Всякий, кто подходит к проблеме табу со стороны психоанализа, т. е. исследования бессознательной части индивидуальной душевной жизни, тот после недолгого размышления скажет себе, что эти феномены ему не чужды. Ему известны люди, создавшие себе индивидуальные запрещения табу и так же строго их соблюдающие, как дикари соблюдают общие у всего их племени или общества запреты. Если бы он не привык называть этих индивидов «страдающими навязчивостью», то считал бы подходящим для их состояния название «болезнь табу». Об этой болезни навязчивости он, однако, благодаря психоаналитическому лечению, узнал клиническую этиологию и сущность психологического механизма и не может отказаться от того, чтобы не использовать всего открытого в этой области для объяснения соответствующих явлений в психологии народов.

Предупредим, однако, что и при этой попытке не следует упускать из виду, что сходство табу с болезнью навязчивости может быть чисто внешним, относиться к форме обоих явлений и не распространяться дальше на их сущность. Природа любит пользоваться одинаковыми формами при самых различных биологических соотношениях, как, например, в разветвлениях коралла, как и в растениях и затем в известных кристаллах или при образовании известных химических осадков. Было бы слишком поспешным и мало обещающим обосновывать выводы, относящиеся к внутреннему сродству, таким внешним сходством, вытекающим из общности механических условий. Мы не забудем этого предупреждения, но нам незачем отказываться из-за такой возможности от нашего намерения воспользоваться сравнением.

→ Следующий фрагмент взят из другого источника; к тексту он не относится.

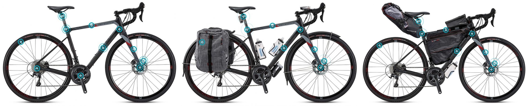 最大タイヤクリアランス40Cを確保し、低いBBドロップ、長めのチェーンステー、寝かしたシートステーと、荷物を積載してもふらつき難く長距離ライドに適した設計を持つフレーム(詳しくはこちら)をベースに、悪天候時でも安定した制動力(ストッピングパワー)をもつディスクブレーキを仕様し、全てのモデルに走り心地をよりしなやかに軽くする事を可能とするチューブレス対応リムを採用しております。
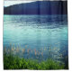 Esta cortina de chá tem uma fotografia de um belo lago.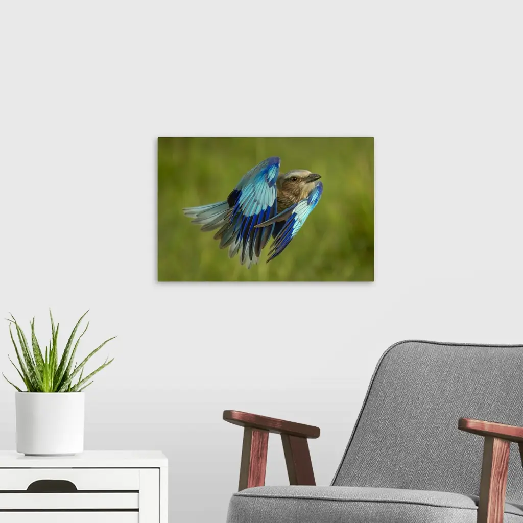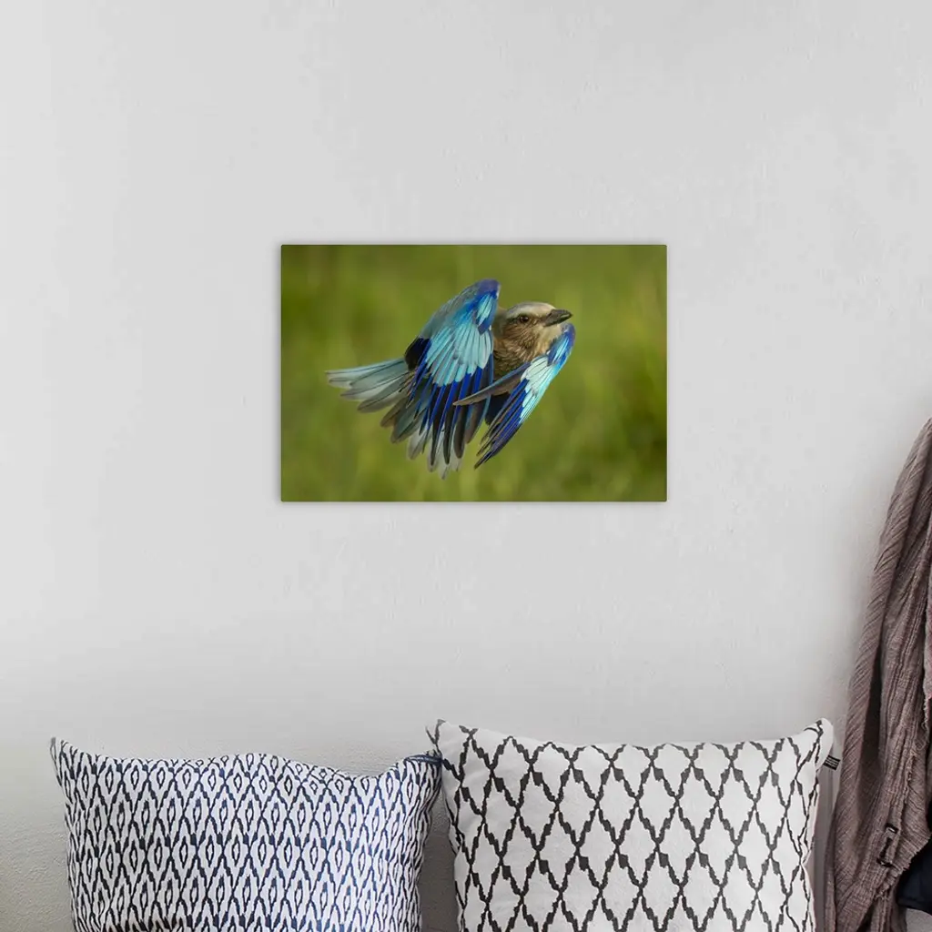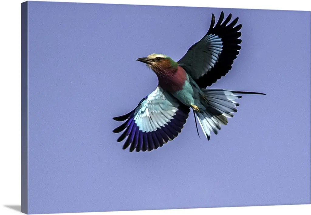 Lilac-Breasted Roller Flies With Wings Folded Up In Maasai Mara National Reserve, Kenya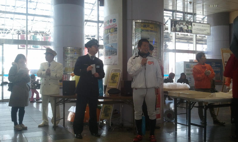 2月11日、JR今治駅で行われた「JR今治駅開業90周年イベント」に、四ツ谷選手(背番号2)、成廣選手(背番号13)、廣瀬選手(背番号61)、後藤選手(背番号52)が参加しました!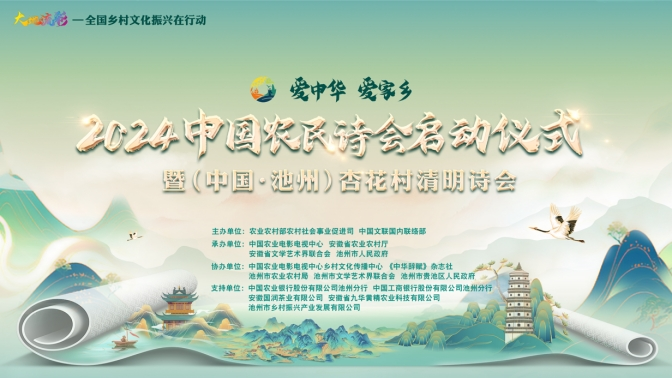 大地流彩,詩賦“三農(nóng)”。3月31日,“大地流彩—全國鄉(xiāng)村文化振興在行動”重點活動“愛中華愛家鄉(xiāng)”2024中國農(nóng)民詩會啟動儀式暨(中國·池州)杏花村清明詩會在安徽池州杏花村文化旅游區(qū)舉辦,主題為“春和景明詩出池州”。本次活動由農(nóng)業(yè)農(nóng)村部農(nóng)村社會事業(yè)促進(jìn)司、中國文聯(lián)國內(nèi)聯(lián)絡(luò)部主辦,中國農(nóng)業(yè)電影電視中心、安徽省農(nóng)業(yè)農(nóng)村廳、安徽省文學(xué)藝術(shù)界聯(lián)合會、池州市人民政府承辦。

Самое близкое и бросающееся в глаза сходство навязчивых запретов (у нервнобольных) с табу состоит в том, что эти запрещения также не мотивированы и происхождение их загадочно. Они возникли каким-то образом и должны соблюдаться вследствие непреодолимого страха. Внешняя угроза наказанием излишня, потому что имеется внутренняя уверенность (совесть), что нарушение приведет к невыносимому бедствию. Самое большее, о чем могут сказать больные, страдающие навязчивостью, – это о неопределенном чувстве, что, благодаря нарушению запрета, пострадает какое-нибудь лицо из окружающих. Какого рода будет вред, остается неизвестным, да и эти незначительные сведения получаешь скорее при искупительных и предохранительных действиях, о которых будет речь дальше, чем при самых запрещениях.

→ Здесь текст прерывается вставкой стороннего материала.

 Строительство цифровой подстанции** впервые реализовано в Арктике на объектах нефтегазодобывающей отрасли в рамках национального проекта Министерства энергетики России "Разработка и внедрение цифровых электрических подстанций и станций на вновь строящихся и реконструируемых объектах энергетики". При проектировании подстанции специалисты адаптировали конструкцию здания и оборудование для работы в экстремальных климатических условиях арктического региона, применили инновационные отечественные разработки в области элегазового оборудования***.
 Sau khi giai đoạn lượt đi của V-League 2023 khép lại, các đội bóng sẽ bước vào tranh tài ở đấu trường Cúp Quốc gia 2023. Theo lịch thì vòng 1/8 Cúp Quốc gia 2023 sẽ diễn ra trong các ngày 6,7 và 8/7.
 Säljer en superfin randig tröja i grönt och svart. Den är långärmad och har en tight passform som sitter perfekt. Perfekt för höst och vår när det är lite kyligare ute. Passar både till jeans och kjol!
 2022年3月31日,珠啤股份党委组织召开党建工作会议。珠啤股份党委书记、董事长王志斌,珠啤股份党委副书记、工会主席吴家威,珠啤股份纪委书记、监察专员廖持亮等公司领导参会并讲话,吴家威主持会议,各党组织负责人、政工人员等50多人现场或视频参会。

Главным и основным запрещением невроза является, как и при табу, прикосновение, отсюда и название: боязнь прикосновения – delire de toucher. Запрещение распространяется не только на непосредственное прикосновение телом, но обнимает и всякое прикосновение хотя бы в переносном смысле слова. Все, что направляет мысль на запретное, вызывает мысленное соприкосновение, так же запрещено, как непосредственный физический контакт. Такое же расширение понятия имеется у табу.